* _WORK ORDER_:
What you return must match, exactly, the lines running from the one containing "HELIAX® Hybrid Cable" to the end of the data, both included, and must contain no pictures.

Start of Block

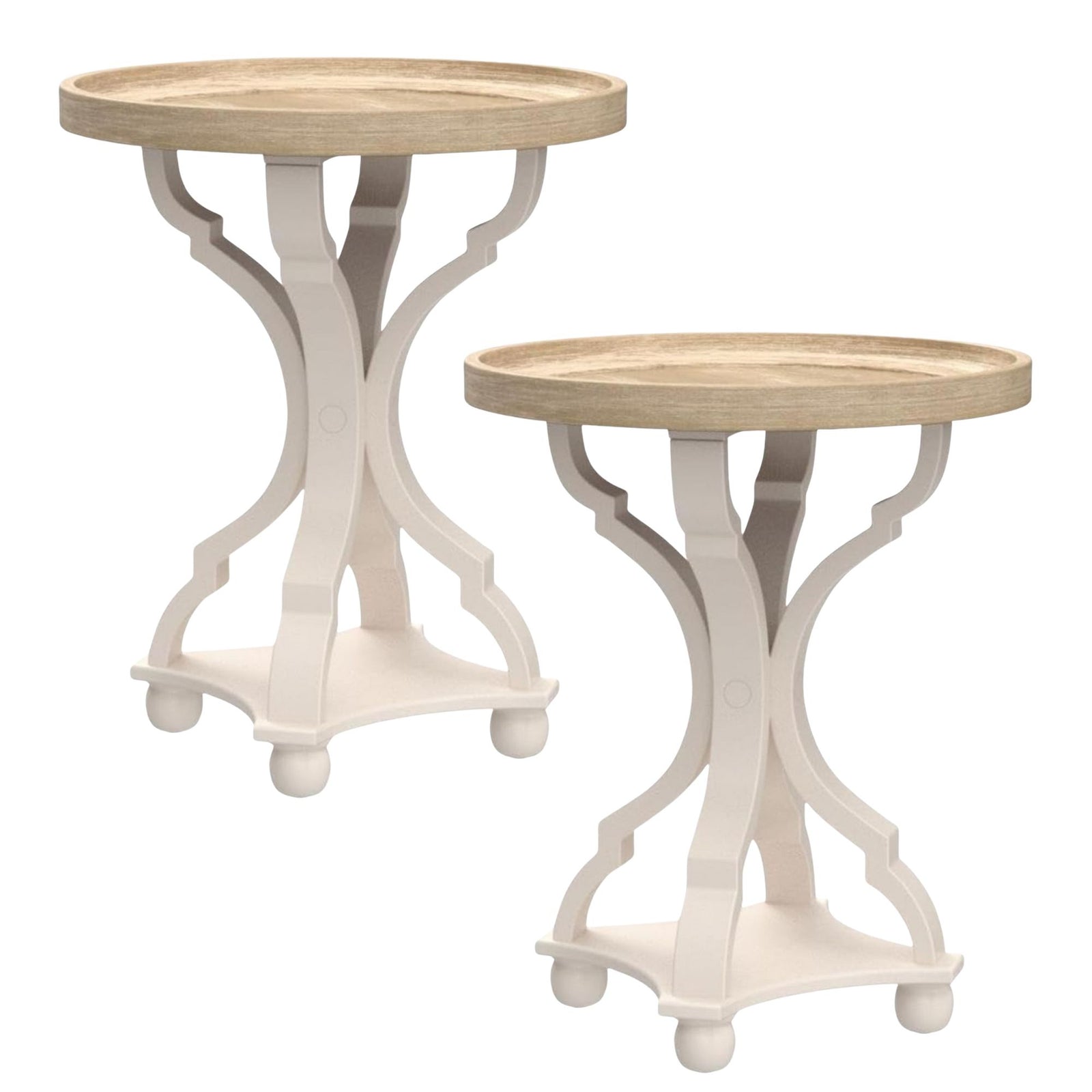 COZAYH Rustic Table Round Accent Wood Tray Top Curved Base Furniture, Set of 2
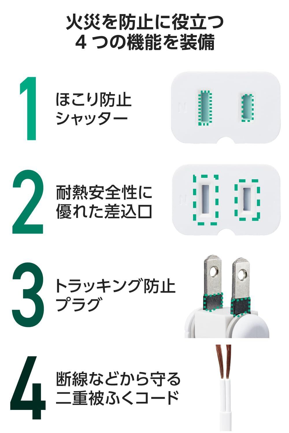 「この電源タップには、ほこり防止シャッター機能が付いており、未使用時には差込口の清潔を保ちます。また、スイング式プラグを採用しているため、狭いスペースでも配線がしやすく、使用時のストレスを軽減します。」
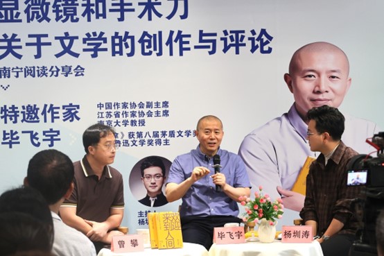 著名作家毕飞宇亮相2026年“八桂书香周”2026年4月23日5,296 阅读4月23日,2026年“八桂书香周”系列活动之“显微镜和手术刀——关于文学的创作与评论”阅读分享会在广西南宁举行。著名作家、茅盾文学奖得主毕飞宇与《南方文坛》杂志副主编、广西文艺评论家协会副主席曾攀应邀出席,与现场读者展开对谈交流。著名作家、茅盾文学奖得主毕飞宇与读者交流图书签售活动标签:#世界读书日#八桂书香周0分享收藏
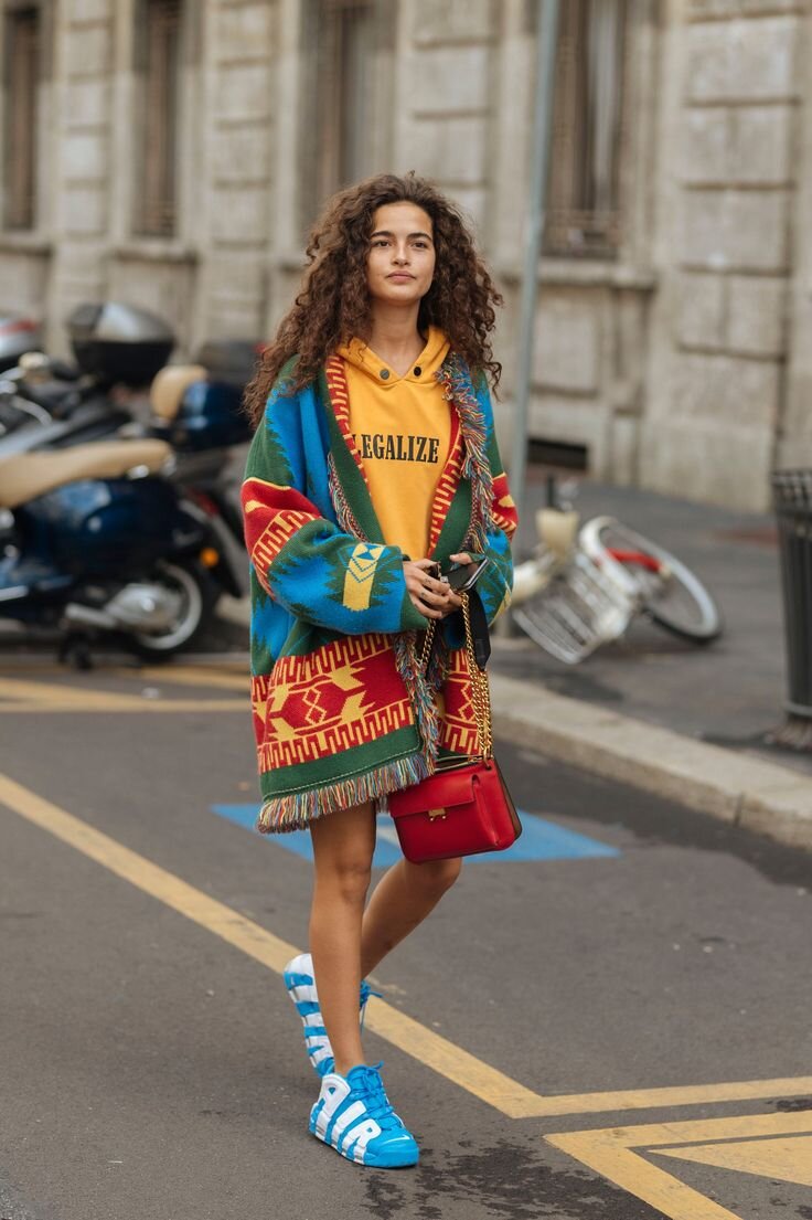 Данное течение характеризует обилие всевозможных принтов. В одном наряде могут уживаться и геометрия, и цветочек, и горошек. Эти принты могут быть везде и во всём, от верхней одежды до аксессуаров. Тягой ко всему яркому и пёстрому модницы обязаны погоде, зачастую хмурой и неприветливой. Необычная обувь, высокие яркие носки и платье в цвете вырви глаз – это всё про электику.
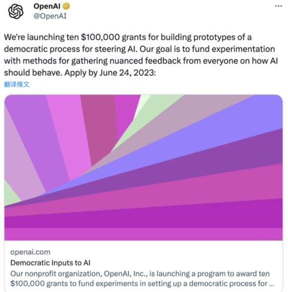 與此同時(shí),OpenAI 周四表示,將從一只 100 萬(wàn)美元(IT之家備注:當(dāng)前約 708 萬(wàn)元人民幣)基金中拿出 10 筆等額撥款,每筆 10 萬(wàn)美元(當(dāng)前約 70.8 萬(wàn)元人民幣),用于民主進(jìn)程的實(shí)驗(yàn),以確定如何管理 AI 軟件,以解決偏見(jiàn)和其他問(wèn)題。
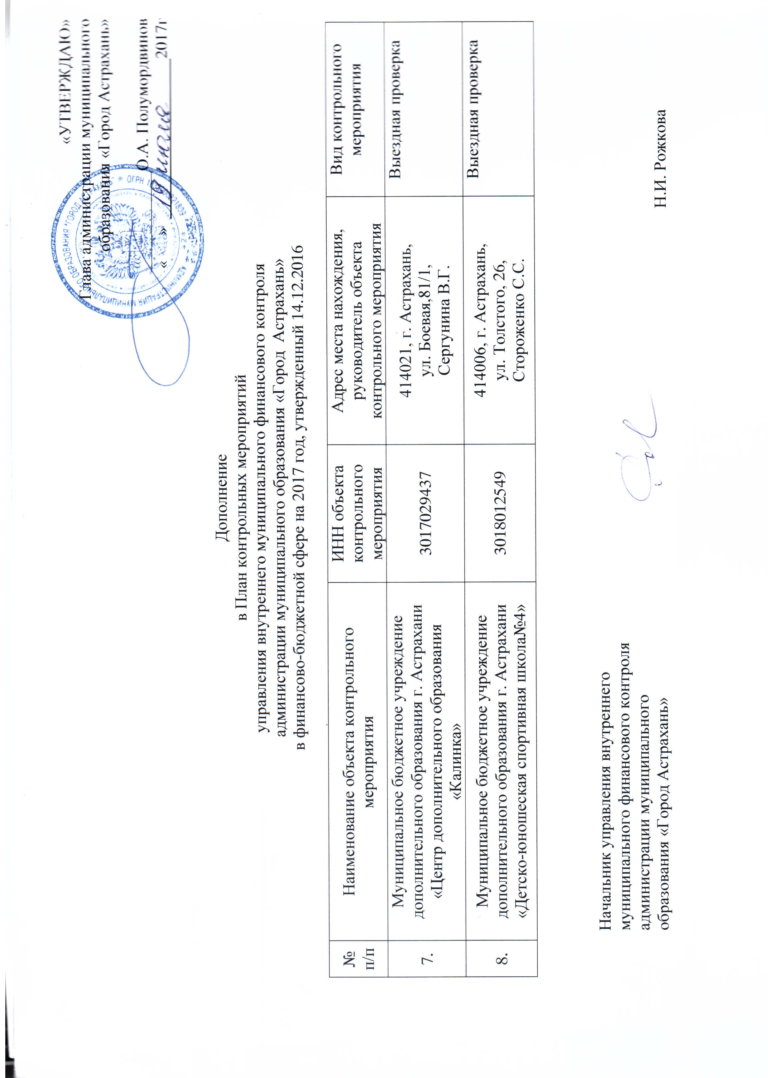 План контрольных мероприятий управления внутреннего муниципального финансового контроля администрации муниципального образования «Город Астрахань» в финансово-бюджетной сфере на 2017 год дополнен проведением проверок в муниципальных бюджетных учреждениях дополнительного образования города Астрахани: «Центр дополнительного образования «Калинка» и «Детско-юношеская спортивная школа №4».
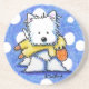 Sandstone coaster featuring west highland white terrier dog breed art by children's book Illustrator, Kim Niles.
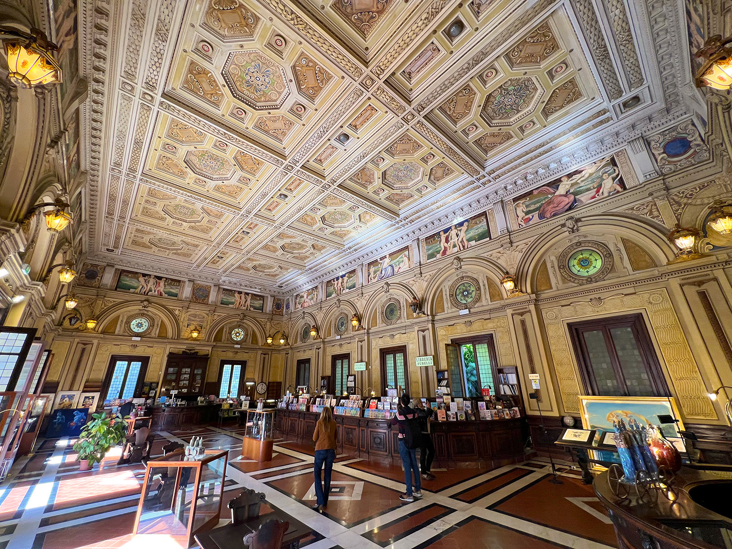 Il colonnato su cui si affaccia l’ingresso principale del Caffè storico è la Galleria dei Negozi su cui si trovano alcune attività.
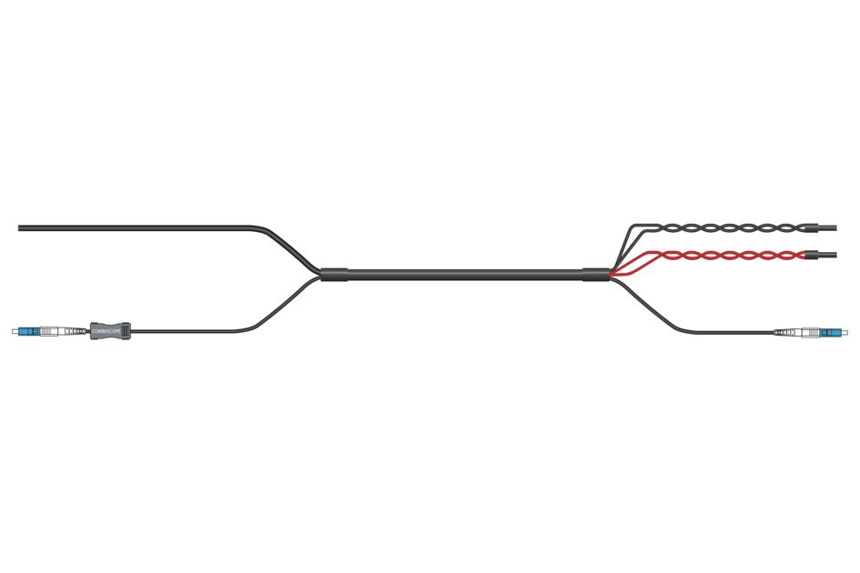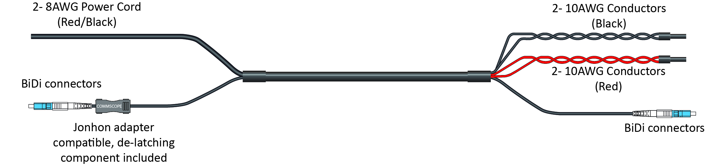 HELIAX® Hybrid Cable Assembly, 6-OVP box to RRU, Power Cord to RRU, UL Type TC-ER, 4 power conductors 8 AWG RRU, 10 AWG BBU, 1-fiber, Bi-Di, Jonhon Adapter Compatible, PVC jacket, aluminum armor, OVP gland insert kit included
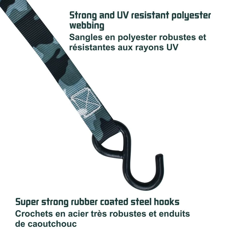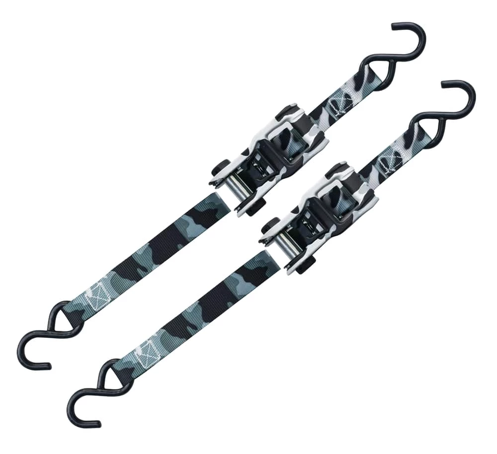 - MotoMaster Retractable Camo Tie Downs are perfect for securing heavy loads

End of Block

* _RESPONSE BELOW_:
 HELIAX® Hybrid Cable Assembly, 6-OVP box to RRU, Power Cord to RRU, UL Type TC-ER, 4 power conductors 8 AWG RRU, 10 AWG BBU, 1-fiber, Bi-Di, Jonhon Adapter Compatible, PVC jacket, aluminum armor, OVP gland insert kit included
 - MotoMaster Retractable Camo Tie Downs are perfect for securing heavy loads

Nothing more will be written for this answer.